Learning to love

Pakistanis love their feeling of superiority to others (“Don’t-you-know-who I am?”)

The writer is a barrister with an interest in psychology

What is the single-most defining characteristic of Pakistanis? The question nagged me recently as I read Watching the English, by the English anthropologist Kate Fox, in which she attempts to uncover the defining characteristics of the English (humour, reserve, orderliness, in case you are wondering). Not being an anthropologist and not even being in Pakistan, I had no option but to rely on memories of my considerable time in the country and of interactions with my Pakistani relatives, friends and colleagues as well as to indulge in some necessary introspection before I could suggest the rather startling answer: we Pakistanis do not know how to love!

What can I possibly mean by that, you may well ask. And what kind of love am I talking about? If it is divine love, then surely devout Pakistani Muslims have an excess of it? If it is filial love, then I must be blind to think that Pakistan runs short on that? Or if romantic love is my subject of interest, then I only have to watch Pakistani dramas or visit upscale malls on Valentine’s Day to see that it is thriving. Before this discussion proceeds any further, I must hold up my hands in protest: I am not speaking of any of these varieties of love, but of their much neglected cousin, ‘self-love’.

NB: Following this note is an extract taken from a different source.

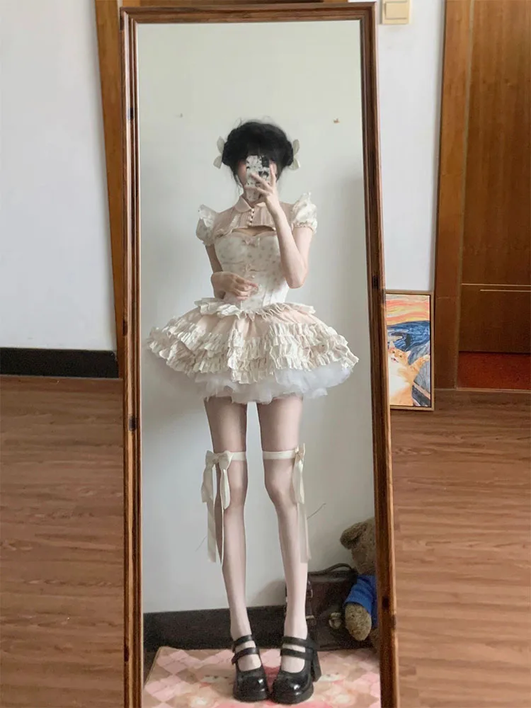 KYLTHOMASW - French Temperament Princess Skirt Sets Sweet Bow Strapless Slim Top Ball Gown Skirt Short Sleeve Coat Lolita Three-piece Sets

I can hear myself being attacked yet again: how can I possibly claim Pakistanis lack self-love? Surely, we are as selfish, self-absorbed and self-satisfied as any other nation? Well, that’s entirely the point. When we equate true self-love with selfishness, we are confusing it with ‘love for our self-image’. We don’t love ourselves; we love our feeling of superiority to others (‘Don’t-you-know-who I am?’), our power over our children (‘Obey me, or else’), our patriotism and our divine devotion (‘I’ll kill you if you speak against my country/my religion’). But loving an image is easy because an image is perfect. Loving oneself, warts and all, is an entirely different story.

And why does self-love matter? You see, the bottom line is that it is only when we truly love ourselves that we are capable of loving others, whether it is our professed beloved, our family or even God — it’s a bit like putting on your own oxygen mask before offering it to others. When self-love is missing, we remain in a state of anxiety and neediness and seek reassurance from everything around us. More often than not, this manifests itself in highly critical or judgmental behaviour towards others — because only when we put someone else down, do we feel that we are worthy. I believe we lack it because criticism and judgment are some of our favourite national pastimes. It is important to understand, however, that they stem not from inherent flaws in others but our own lack of awareness of our shortcomings.


So, how can we go about creating greater self-awareness? One way to do it may be to take a long hard look at oneself and take stock of both the good and the bad, with absolute honesty! It may proceed something like this: Hair? Good. Eyes? All right (with glasses). Ears? Good. Clothes? Best I can afford. And so it goes on. If we are particularly pleased with an attribute, perhaps we can give ourselves a little star in the margins. But it gets tricky when we reach parts of ourselves we are more ambivalent about: Hardworking? Not really. Honest? When pushed to the wall. Kind? Sometimes. The danger in following this exercise is that we may not like what we find. After all, had it been easy wouldn’t we have done it anyway?

But no need to despair, because there is another, perhaps easier way, and that is to treat everyone we encounter with a little more understanding, kindness and compassion. How will that create greater self-love? Psychologists believe that our physical behaviour and our mental state are closely linked. So, if changing the feeling is difficult, change the behaviour and gradually the feeling will start to shift also. It is entirely likely, therefore, that in practising compassion towards others (and thereby inwardly declaring ‘I understand and forgive your shortcomings because I am not perfect either’), we may start extending greater acceptance — and in time, more love — towards ourselves, which in turn would help improve the quality of all our relationships. Don’t believe me? Try it for yourself. I did.

Published in The Express Tribune, January 13th, 2016.